Voice-Mode Chat UX — Research Memo

Silent Infinity | 2026-04-22 | SCOUT/TITAN

Product context: Silent Infinity — contemplative AI wellness, Transcribe PCM16 → Bedrock Claude Sonnet 4.6 → Polly Ruth Neural. Current pain: 26.5s total latency / 7.6s TTFA, user reports "robotic and rushed." VAD raised from 500ms to 1400ms. Voice-mode prompt override stripped warmth (reverted). New voice UI: transcript flex:1 top, orb/mic bottom, user bubbles right/blue, AI bubbles left/orange.

---

1. Voice UI Patterns

ChatGPT Advanced Voice Mode

OpenAI's Advanced Voice Mode (GPT-4o, launched mid-2024, major UX update June 2025) is the current benchmark. The central design choice is a single unified pane: voice and text exist in the same thread rather than a separate modal. The older design suffered "modal lockout" — speaking meant leaving the text interface. The fix made real-time transcription stream into the same bubble timeline as typed messages, so users can pivot between modalities without losing continuity.

Mic placement: a persistent waveform orb centered at the bottom of the screen, activating on tap or on push-to-talk. The orb animates to a pulsing ring during AI speech, giving a clear "I am speaking" affordance. User bubbles appear on the right in dark gray, AI bubbles on the left in lighter gray — the same layout as the text product.
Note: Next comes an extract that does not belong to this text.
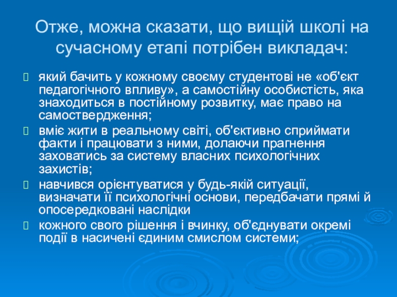 бачить у кожному своєму студентові не «об'єкт педагогічного впливу», а самостійну особистість, яка знаходиться в постійному розвитку, має право на самоствердження;

Transcripts appear in near real-time as words stream in, which provides critical visual reassurance ("it heard me") before the AI responds.

Interrupt UX: GPT-4o processes audio end-to-end without a transcribe → LLM → TTS pipeline hop, reaching TTFA as low as 232ms — comparable to human conversational response time. Barge-in is fully supported: speaking while the AI is mid-sentence instantly halts playback and transitions to listening mode. The UI orb reacts visually within the latency budget, confirming detection before the user doubts they were heard.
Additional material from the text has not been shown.